In due course, my box arrived, and it was attractive – a neat, closely-fitting white box containing a nice heavy round bottle wrapped in layers of white tissue paper, with Jean Desprez “Gold” hand-written on the bottle in gold paint pen. The bottle is the standard one used for Bal a Versailles EdT, the current iteration, which I wasn’t familiar with until researching later. My small bottles are rather different.

When I sprayed “Gold” on some paper, my first thought was “Angel!” After the second spray, I thought of Xerjoff Elle, that rich heady floral-caramel thing that costs $600 a bottle, except with cotton candy instead of caramel. Upon the third spray, I thought, “Neither one – it’s Brut + Juicy Fruit.” Upon the fourth spray, my thought was, “You know, I give up. I don’t care what the structure of this thing is, it’s dreadful.”

And I haven’t budged from that point of view since.

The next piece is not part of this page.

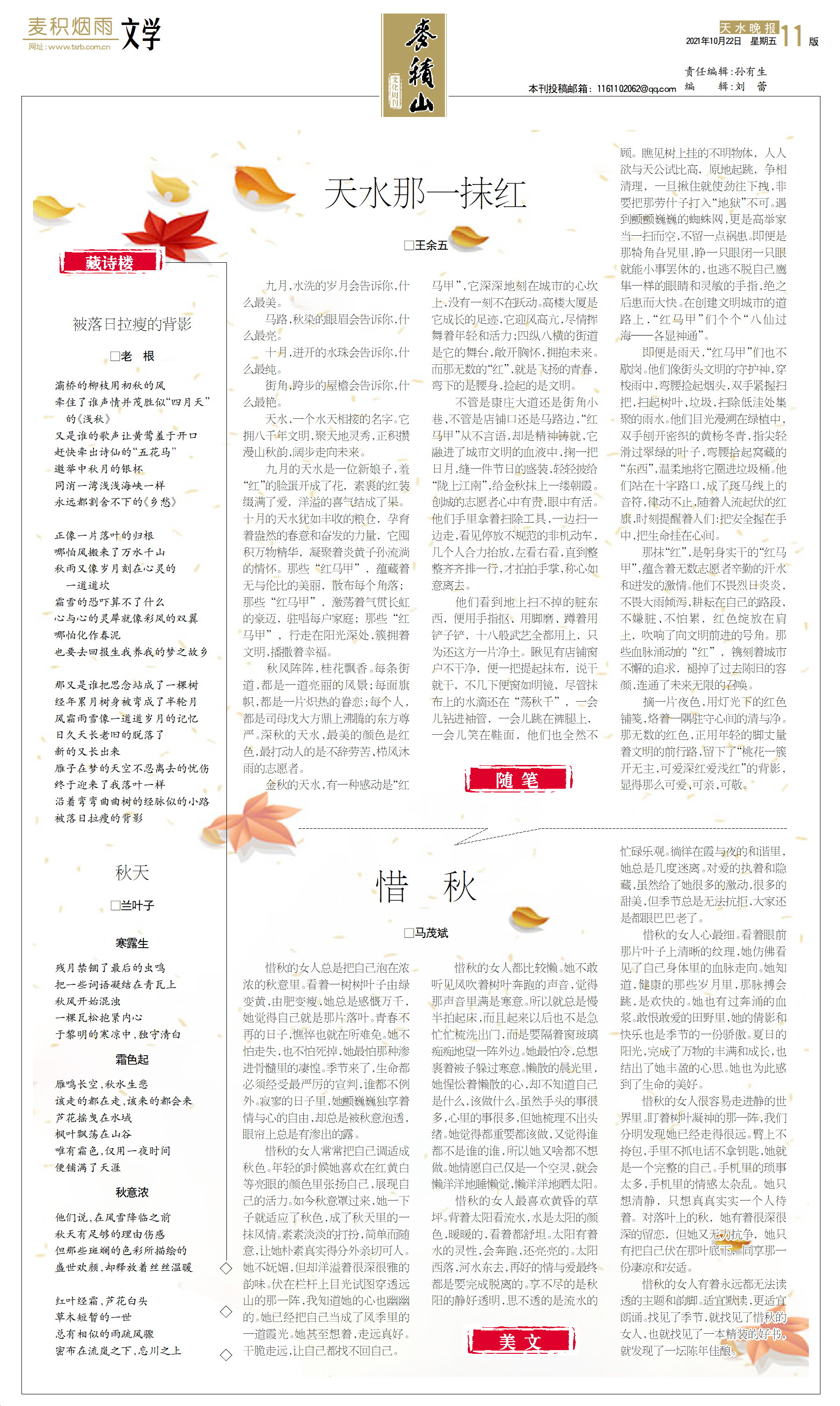 惜秋的女人常常把自己调适成秋色。年轻的时候她喜欢在红黄白等亮眼的颜色里张扬自己,展现自己的活力。如今秋意罩过来,她一下子就适应了秋色,成了秋天里的一抹风情。素素淡淡的打扮,简单而随意,让她朴素真实得分外亲切可人。她不妩媚,但却洋溢着很深很雅的韵味。伏在栏杆上目光试图穿透远山的那一阵,我知道她的心也幽幽的。她已经把自己当成了风季里的一道霞光。她甚至想着,走远真好。干脆走远,让自己都找不回自己。
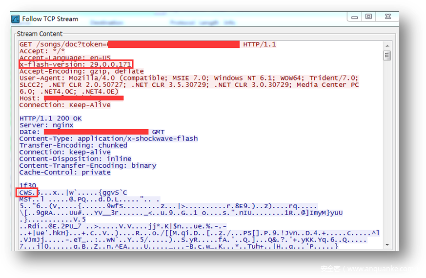 通过Flash ActiveX对象中的URL连接地址下载回来一阶段的Flash文件,该Flash文件最主要的功能是继续和远程服务器通信并下载回来使用AES加密后的第二阶段Flash文件:

Gold starts out with a big burst of cotton candy – which is why, I suppose, I immediately thought of Angel – followed by a delicious mixed-fruit note. Think Hawaiian Punch, and you’d be close. But under the fruit is something very traditionally masculine: lavender and coumarin, I’m guessing. It’s sort of a Carmen Miranda-Brut-Angel*, and if you sniff too close, your stomach will turn. From a distance, say from arm’s length, Gold is less disturbing but still has the gender-bendy weirdness of Angel, what with the fruit, the ethylmaltol, and the… whatever that shaving cream thing is. There are also some dense florals (rose and jasmine, definitely) in there, and they’re the best part of the fragrance, but they’re completely overshadowed by the fougere/ethylmaltol. [*Slightly disturbing side note: I think Brut Angel would be a fabulous name for a rock band.]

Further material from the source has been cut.